# Black Dragon Sneak Preview



## bigfishy (Jun 19, 2009)

My new Black Dragon Betta, and I will get better pic once he settle in his new tank


----------



## TBemba (Jan 11, 2010)

Where did you get him?

looks interesting


----------



## bigfishy (Jun 19, 2009)

a better pic of the fish (black with steel blue scales)

 

I got it at Frank's Aquarium


----------



## WiyRay (Jan 11, 2009)

If only it were a crowntail... I would be so @ Franks right now...


----------



## Firerox (Apr 26, 2010)

Oooh I think I saw him at Frank's last week! Glad he has a new home now


----------



## bigfishy (Jun 19, 2009)

WiyRay said:


> If only it were a crowntail... I would be so @ Franks right now...


It's a super delta





Firerox said:


> Oooh I think I saw him at Frank's last week!
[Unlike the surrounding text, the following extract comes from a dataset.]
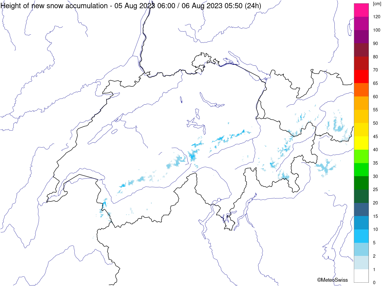 Alors que le temps des semaines précédentes offrait déjà un mélange variable de soleil et de pluie en montagne, de la neige fraîche s'est annoncée en montagne à partir du vendredi 4 août. Avec un vent souvent fort de nord à nord-ouest, les précipitations étaient surtout marquées dans le nord et le temps était souvent nuageux et humide pendant toute cette phase. Ce n'est que le samedi que l'air s'est asséché temporairement. Le vendredi et le samedi, la limite des chutes de neige se situait encore généralement au-dessus de 2500 mètres. Dans le courant de la journée du dimanche, elle s'est ensuite progressivement abaissée jusqu'à environ 2000 m. C'est ainsi que l'on a pu voir pour la première fois cet été des montagnes blanches sur une grande partie du territoire. Sur le versant sud des Alpes, le vent du nord a chassé les nuages, de sorte que le temps y était généralement ensoleillé. Dans le sud du Valais également, le soleil s'est souvent imposé.

Glad he has a new home now


This is a different fish, he got them last night


----------



## TBemba (Jan 11, 2010)

I really want to check this place out, it's like close to a 2 hr drive so I keep waiting till he get the big shipment in. But the big shipment always seems to be in a couple of weeks so I keep waiting. 

When will be the optimal date to go?


----------



## Cory (May 2, 2008)

My mom would love that fish.. Congrats.


----------



## Fish_Man (Apr 9, 2010)

amazing, he got a good shipment of betta in last week?


----------



## bigfishy (Jun 19, 2009)

Fish_Man said:


> amazing, he got a good shipment of betta in last week?


He should have a new Thailand (mainly betta) shippment by today (his shop is closed today), by tomorrow


----------